Ingredients

1 cup (2 sticks) unsalted butter, softened

1 cup granulated sugar

1 cup lightly packed dark brown sugar

2/3 cup Nutella

2 eggs

2 teaspoons pure vanilla extract

2 1/2 cups all purpose flour

1 teaspoon baking soda

1/2 teaspoon sea salt

2 cups mini peanut butter cups

(or peanut butter cup baking pieces)

2 cups semisweet chocolate chips

Preparation

Preheat the oven to 350°F. Line baking sheets with parchment paper or silicon liners and set aside.

Cream together the butter, sugar, and brown sugar until light and fluffy. Add the Nutella and continue to beat until well combined. Add in the eggs one at a time, beating after each addition. Add in the vanilla and beat for an additional 30 seconds, until incorporated into the creamed mixture.

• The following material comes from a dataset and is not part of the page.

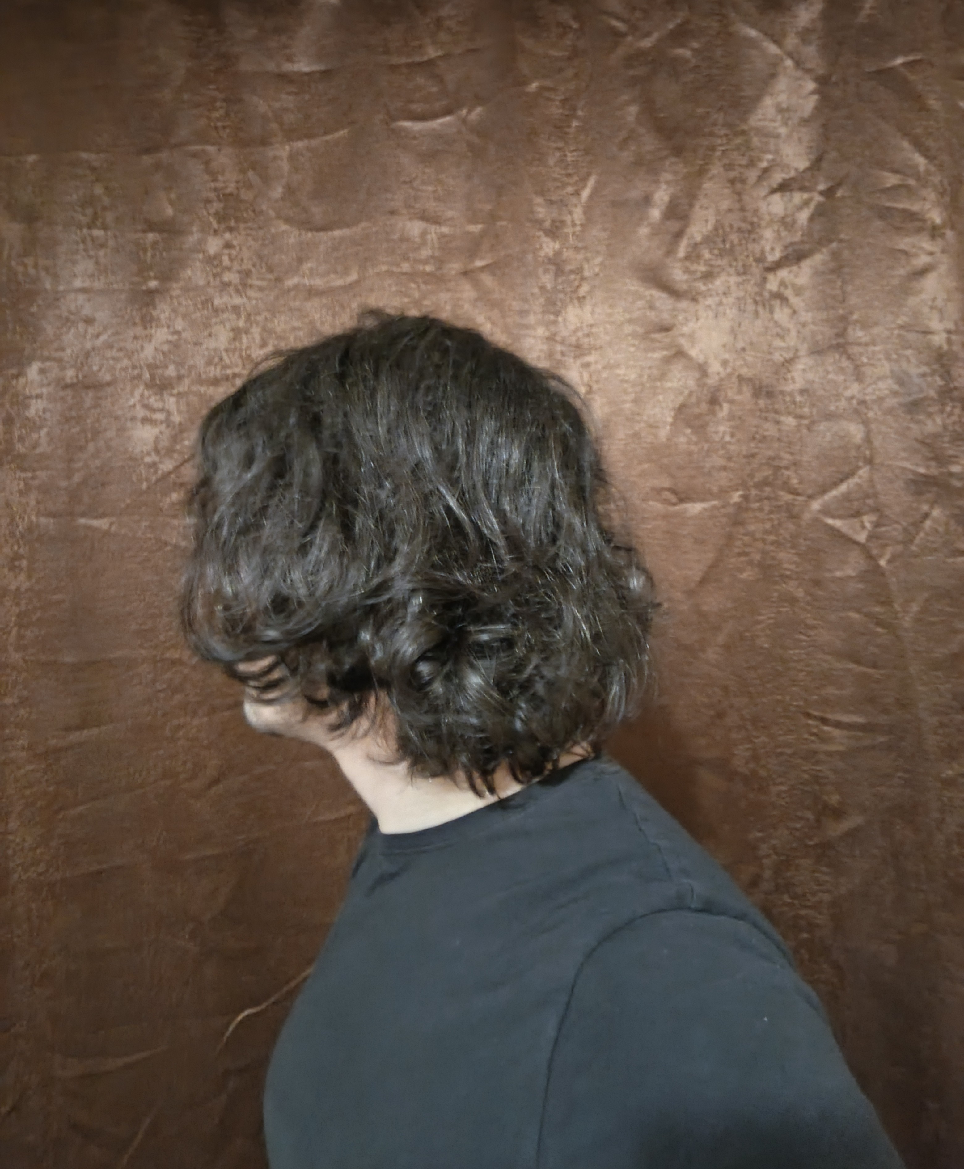 Алсо, с детства нравится ходить с длинными волосами. В детстве мамка время от времени заставляла стричься коротко, поскольку её волновало мнение других людей по поводу причёски её сына, и банально в силу собственной ИМПУЛЬСИВНОСТИ. Хоть и не под машинку, но тем не менее. И короткие стрижки тогда вообще не смотрелись на мне, да и мне самому неприятно было подстриженным ходить. Выглядел в точности как подстриженный Хидери Канзаки из Blend S, ещё и волосы (тёмно-русые) слишком светлыми казались... Комплексовал по поводу причёски и цвета волос адово. С юности стал уже добровольно стричься, однако совсем не так коротко, как в детстве, а с 2020 вообще перестал - у меня тогда не было лишних денег на парикмахерскую, а потом я вообще забил, так что сейчас у меня длинные кудрявые волосы длиной до талии, которые я забираю в хвост (^-^)

In a separate bowl, whisk together the flour, baking soda, and sea salt. Gradually add the dry ingredients to the creamed mixture, mixing just enough that the dry ingredients are incorporated. Stir in the peanut butter cups and chocolate chips.

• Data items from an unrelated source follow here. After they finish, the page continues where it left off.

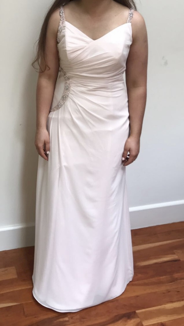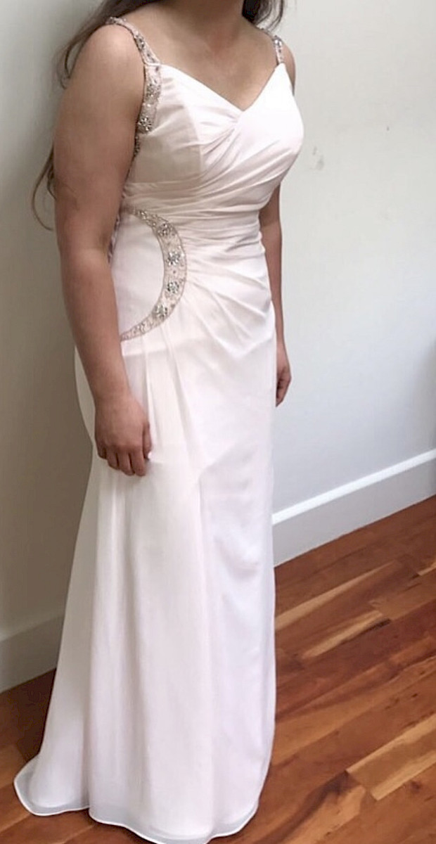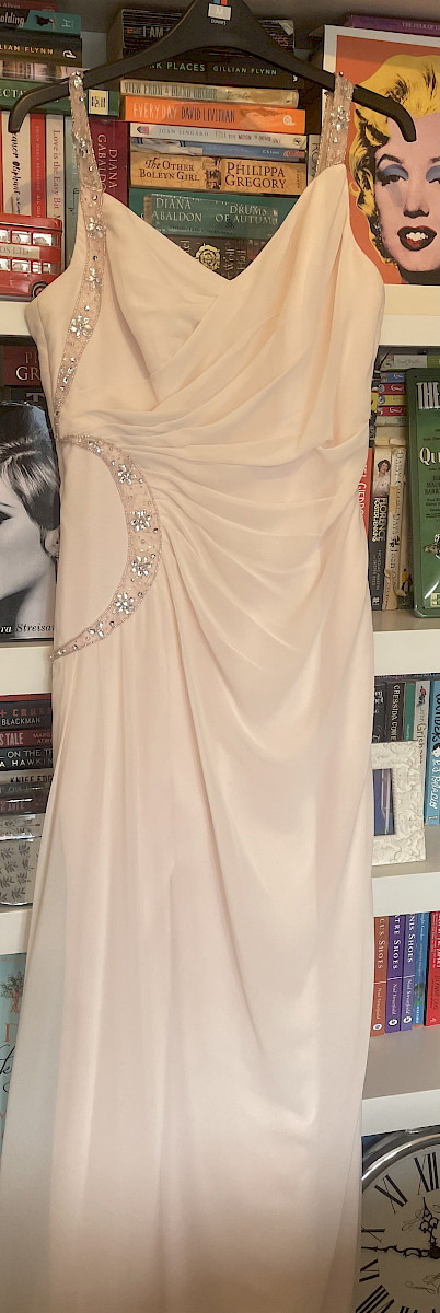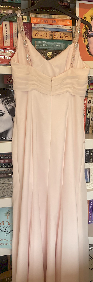This is a gorgeous blush pink chiffon dress with sequin details worn once and immediately dry cleaned. It was bought in Marian Gale Donnybrook RRP €600, it is in perfect condition and would be ideal as a debs or bridesmaids dress. It would fit a size 12/14.
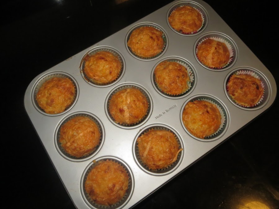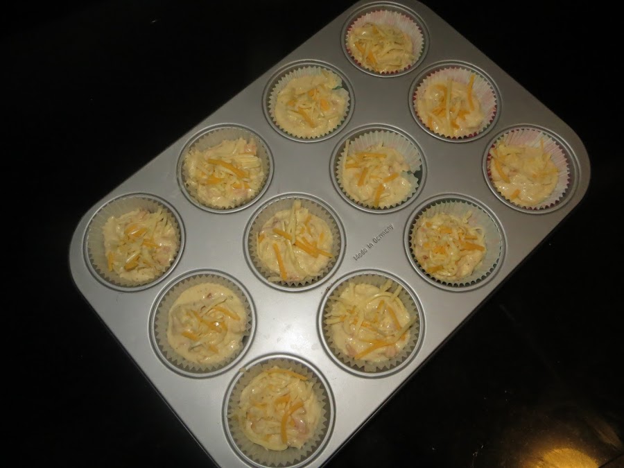 Por otro lado, mezclamos la mantequilla derretida, los huevos y la leche. Mezclamos ambos ingredientes y rellenamos las cápsulas hasta ¾ de su capacidad. Echamos un poco de queso rallado cuatro quesos por encima de cada muffins. Los dejamos durante 25 minutos o hasta que estén dorados y ya están listos para servir.
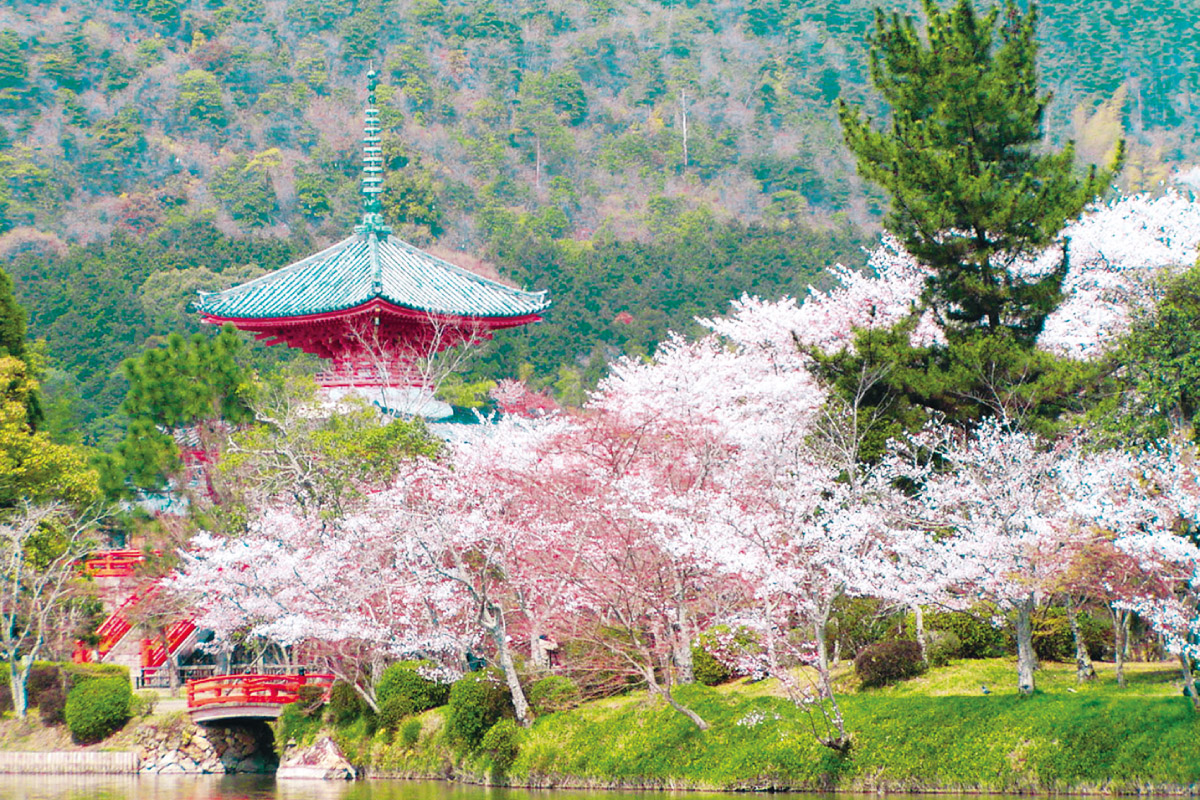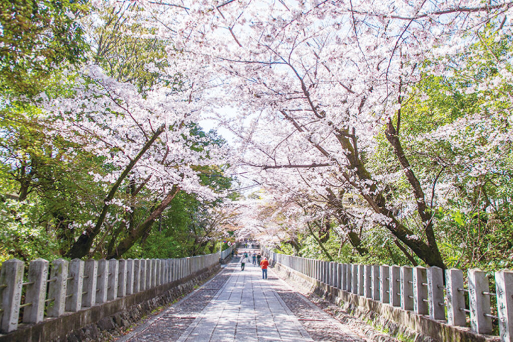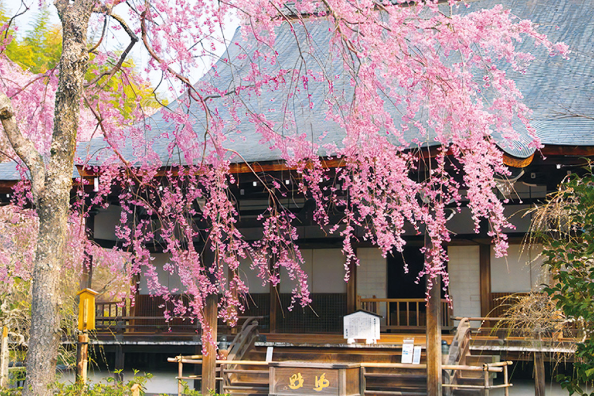 西山にある善峯寺も桜の名所として名高い。経堂のそばには、徳川家光の側室・桂昌院お手植えと伝わる樹齢約300年の見事なシダレザクラが。見ごろは彼岸桜から枝垂れ桜、山桜、ぼたん桜へ移りながら約1カ月続き、起伏にとんだ境内を巡りながら、春の西山を堪能したい。

Use a 1/4 cup scoop to drop the cookies onto the prepared baking sheets (leaving a few inches in between the cookies because they will spread quite a bit). Bake for 15 - 17 minutes, until the cookies are just set and slightly cracked on top. Let the cookies cool on the baking sheet for about 5 minutes before transferring to a wire rack to cool completely.